6.2. | Conditions Precedent to Subsequent Advances. |
The obligation of each Lender to make any disbursement or advance subsequent to the initial disbursement or initial advance of the Loans, or of either Issuing Bank to procure, issue or extend, as the case may be, any Letters of Credit is subject to all the conditions and requirements of this Agreement and delivery of the following required documents, or other action, all of which are conditions precedent:
(a)Warranties and Representations. On the date of each advance pursuant to the Revolving Loans, the warranties and representations set forth in Section 7 hereof and each of the representations and warranties contained in any certificate, document or financial or other statement furnished at any time pursuant to this Agreement or any related document shall be true and correct on and as of such date with the same effect as though such warranties and representations had been made on and as of such date, except to the extent that such warranties and representations expressly relate to an earlier date.
(b)Compliance.

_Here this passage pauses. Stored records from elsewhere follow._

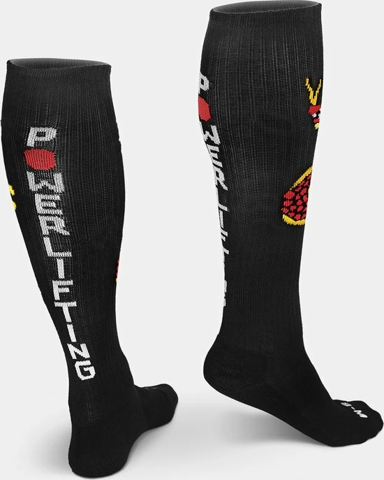 Deze hoge kwaliteit deadlift sokken beschermen je schenen tijdens het deadliften. Gemaakt in Nederland, met “Powerlifting” tekst op achterzijde.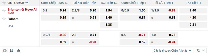 Bảng kèo bóng đá Brighton vs Fulham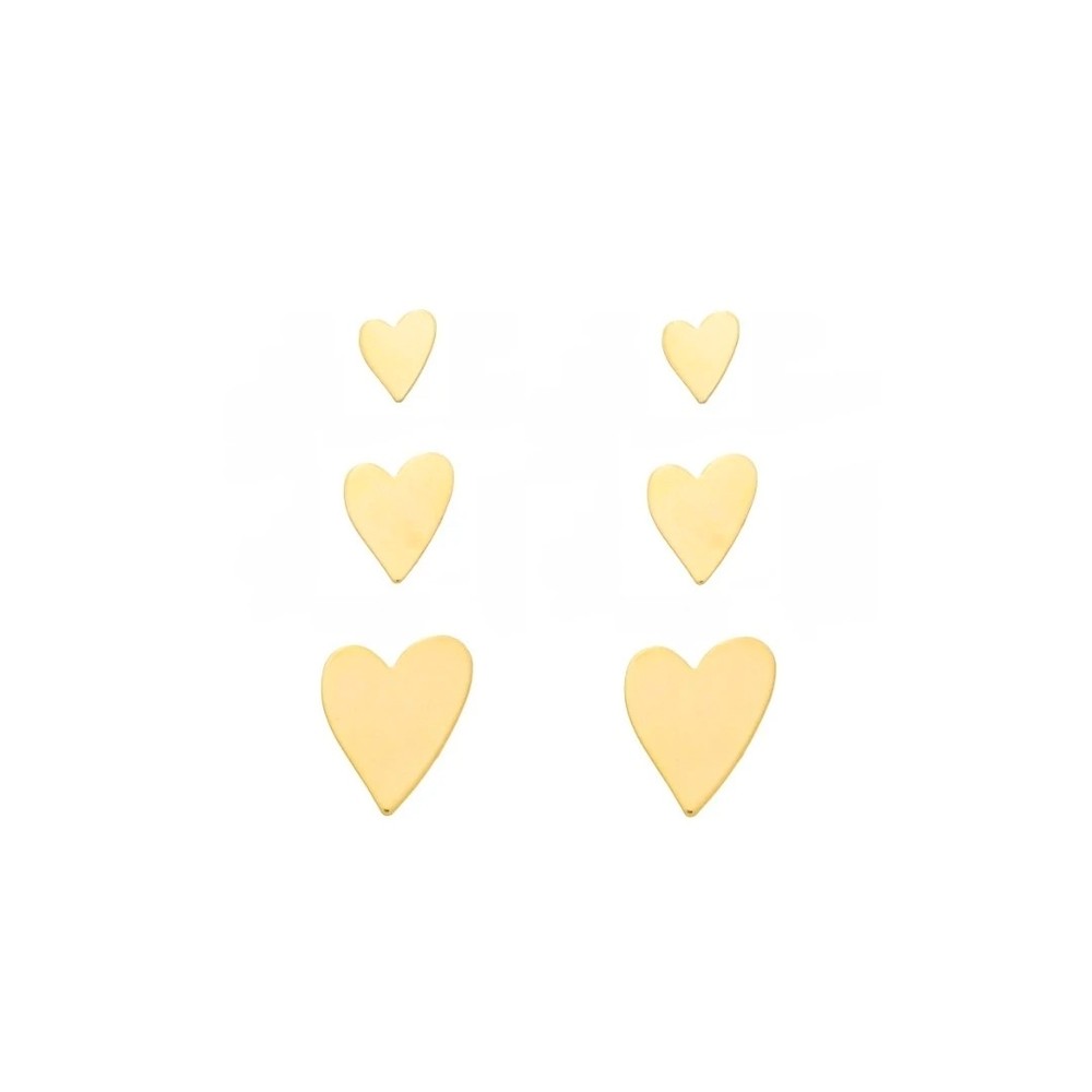 TRIO DE BRINCO CORAÇÃO PIUKA FOLHEADO A OURO 18K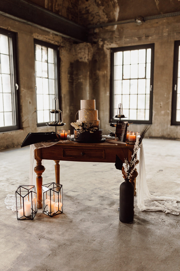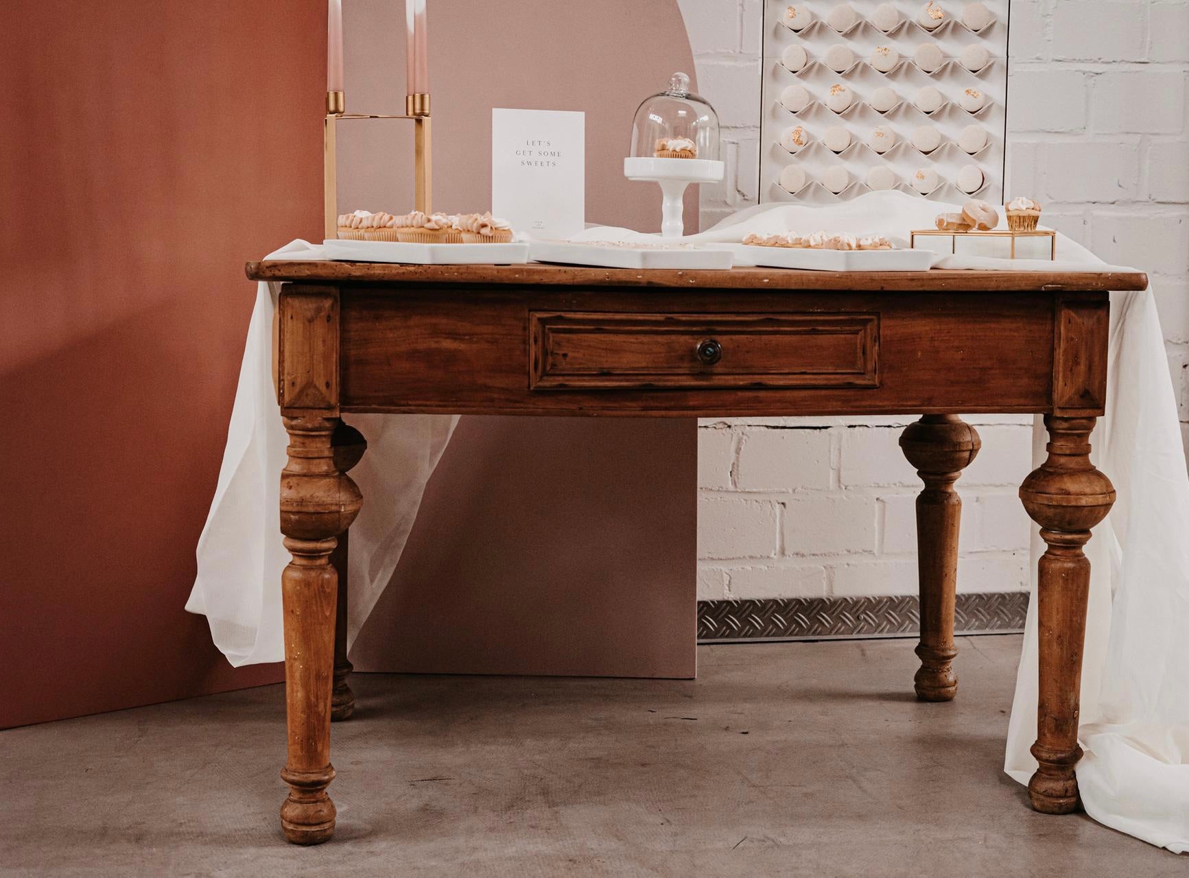 Wunderschöner alter Holztisch, der ganz vielseitig einsetzbar. Ob als Trautisch, für die Candybar, das Gästebuch oder als Highlight für die Torte.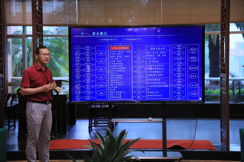 广东孵客科技孵化集团副总裁路斌先生介绍大学科技园的运营模式。他以创新创业示范校为例,从共生型生态系统、商业模式、项目优势、建设目标等多个方面进行介绍,其意愿是面向全球,开放联合,打造价值共生的生态型国家大学科技园,推动高校科技成果转化和创新人才培养。同时,路斌先生针对增城区情况,提出大学科技园要加大对外招收力度,聚拢增城区高校创业人才,吸收优质项目。
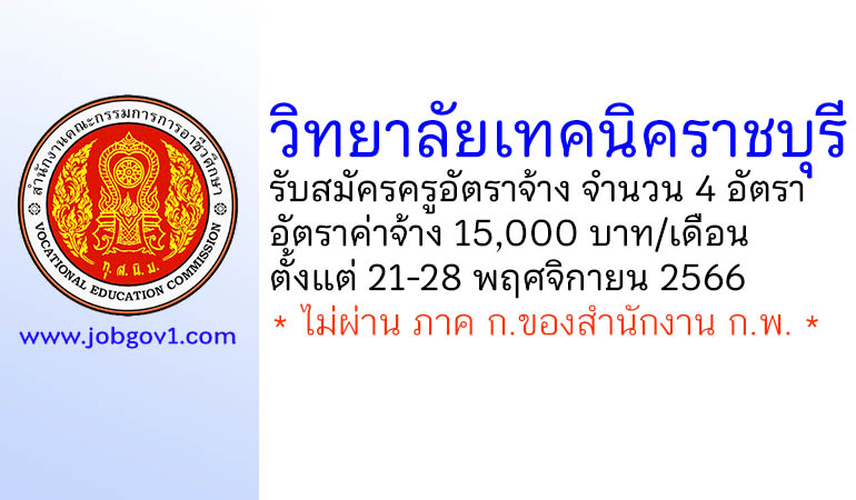 วิทยาลัยเทคนิคราชบุรี รับสมัครครูอัตราจ้าง จำนวน 4 อัตรา ตั้งแต่วันที่ 21-28 พฤศจิกายน 2566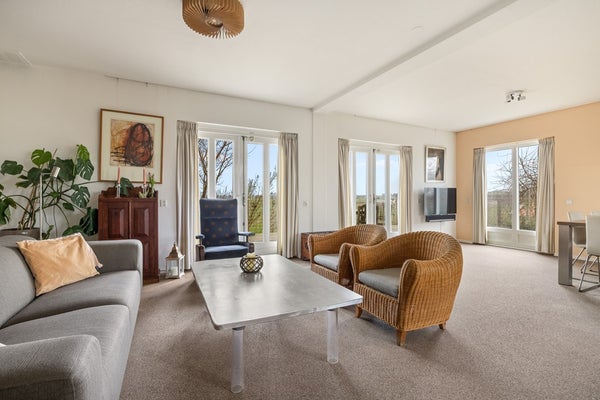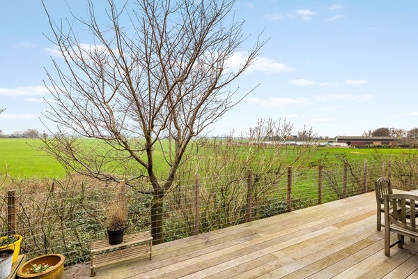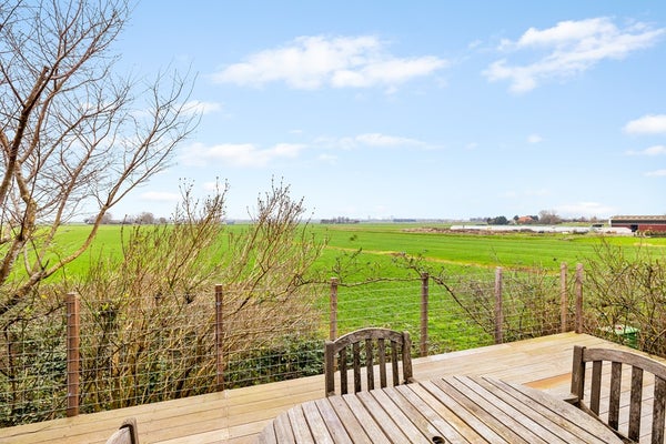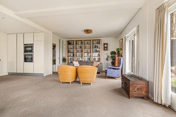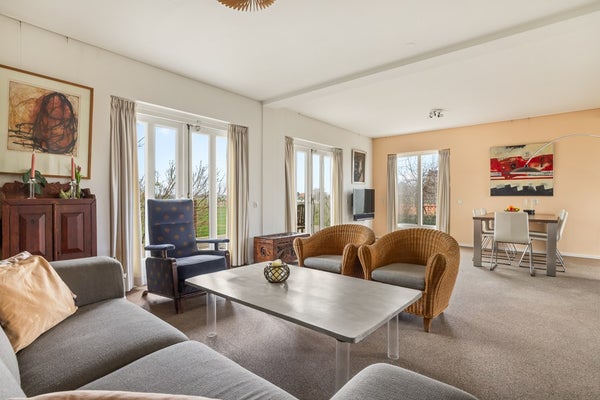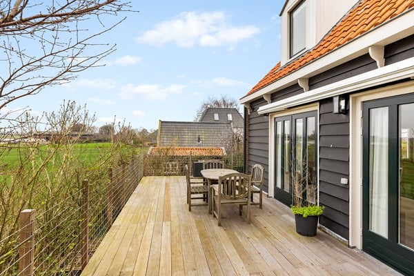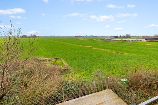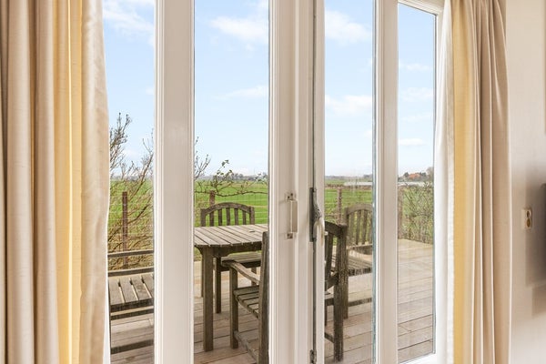Middels de openslaande deuren bereikt u het in 2025 aangelegde, royale terras/veranda van ca. 50 m², gelegen op het zuiden. Hier geniet u de hele dag van de zon en van een adembenemend vrij uitzicht over de weilanden, een unieke plek om volledig tot rust te komen.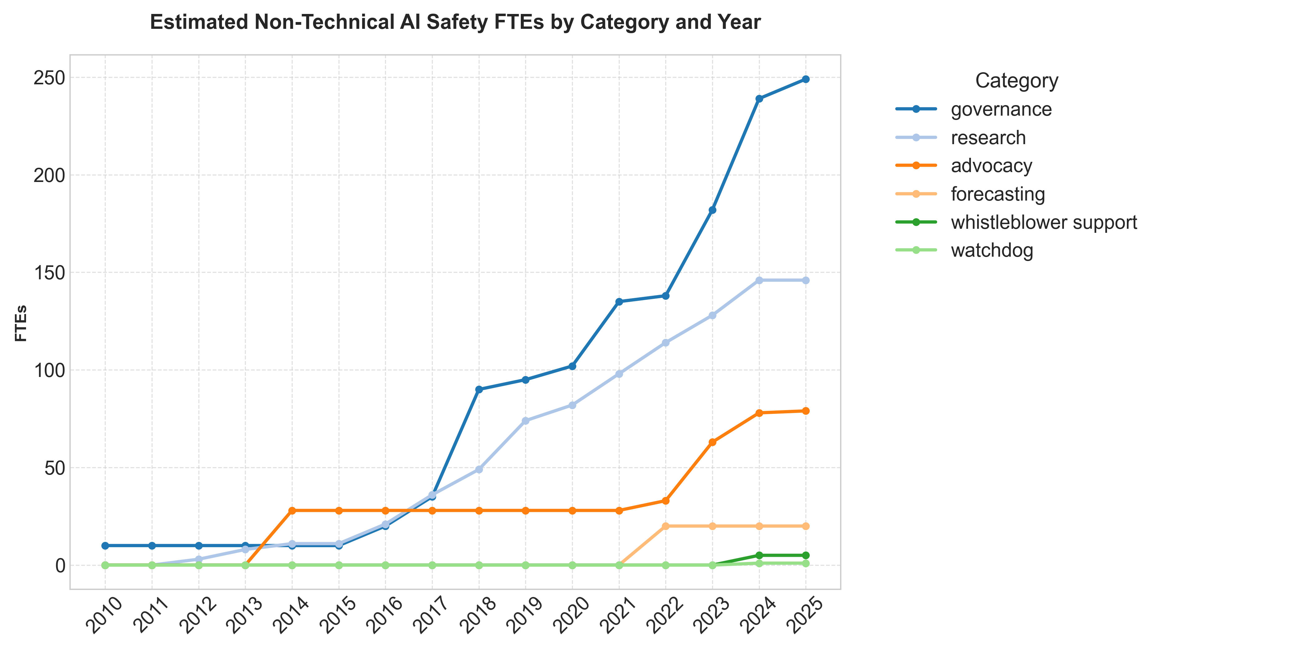 I also created graphs showing the number of non-technical AI safety organizations and FTEs by category.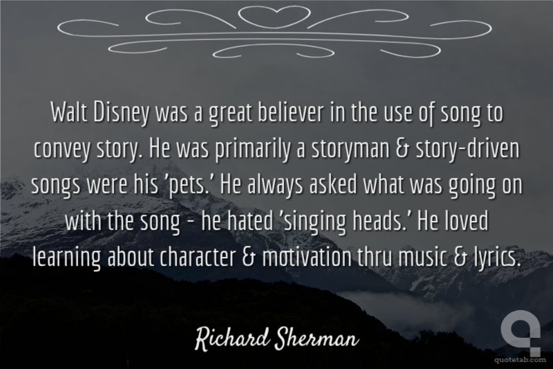 Walt Disney was a great believer in the use of song to convey story. He was primarily a storyman & story-driven songs were his 'pets.' He always asked what was going on with the song - he hated 'singing heads.' He loved learning about character & motivation thru music & lyrics.

The Company and each Subsidiary shall have complied and shall then be in compliance with all the terms, covenants and conditions of this Agreement and any Loan Document which is binding upon it, and no Event of Default or Potential Default shall have occurred and be continuing on such date or after giving effect to the advances requested to be made.
(c)Confirmation of Conditions Precedent. The Company and any Subsidiary shall then be in compliance with and able to confirm all the foregoing conditions precedent with the same effect as though such conditions precedent were requirements to the making of any advance contemplated herein.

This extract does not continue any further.